Gatsby era ancora lì, nella penombra del mio salotto e mi fissava come a cercare di convincermi a commettere qualcosa di scorretto insieme a lui. Pensai che il suo sguardo era troppo naturale e spontaneo. Quante altre persone aveva piegato al suo volere? Se l'avesse fatto e se le ragioni fossero state sbagliate, ora non importava più.
«E va bene, facciamolo.»
Quando arrivai ad East Egg, poco più tardi, mi ritrovai a girovagare per le stanze di casa Buchanan, in cerca di Tom e Daisy. Li trovai dietro una grande porta che, sfortunatamente, li nascondeva alla mia vista. Questo però non rese difficile capire cosa stesse succedendo all'interno: Tom misurava la stanza a grandi passi e gridava parole rabbiose e sconnesse e si interrompeva solo per abbassare la voce, come se stesse tentando di frenare l'evidente furia che lo riempiva. Doveva esserci anche Daisy con lui perché pur senza senso, sembrava che le sue frasi fossero dirette a qualcuno.

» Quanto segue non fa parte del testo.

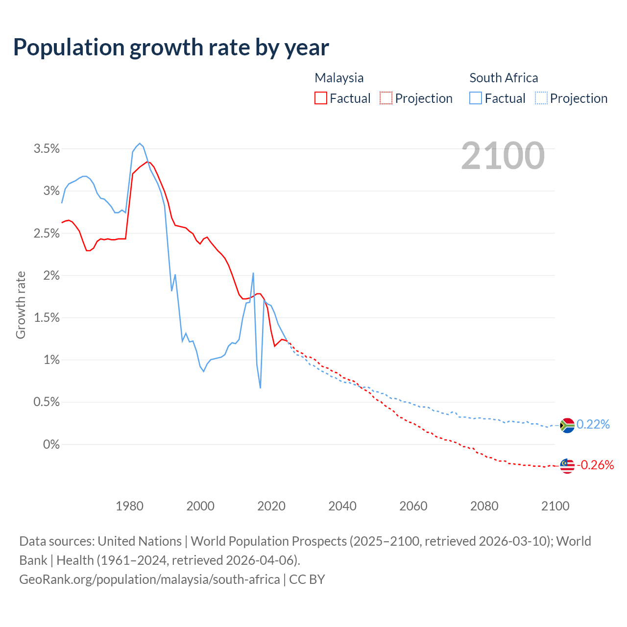 - For the last 10 years, Malaysia has had an average growth rate of +1.5% per year vs +1.44% in South Africa.

«A cosa diavolo stavi pensando? Io non...» riprese a camminare e borbottò così basso che non riuscii a sentirlo. Presi coraggio e bussai.
«Ma chi- avanti» dalla sua risposta capii che era oltremodo seccato di essere stato interrotto, ma ormai non potevo voltarmi e andare via.
«Nick..» la sua espressione tradiva una sorpresa che non mi aspettavo di scorgere nei suoi occhi. «...cosa ti porta qui a quest'ora?»
Per la prima volta da quando ero entrato, mi accorsi della presenza di Daisy. La sua postura lasciava intendere che non aveva gradito le parole che non ero riuscito ad udire e lo stesso dicevano i suoi occhi, rossi di pianto.
Appena vide il mio sguardo, cambiò espressione e quando parlò nella sua voce non c'era più traccia di debolezza e lacrime.
«Nick, tesoro, sei qui per vedere Jordan?»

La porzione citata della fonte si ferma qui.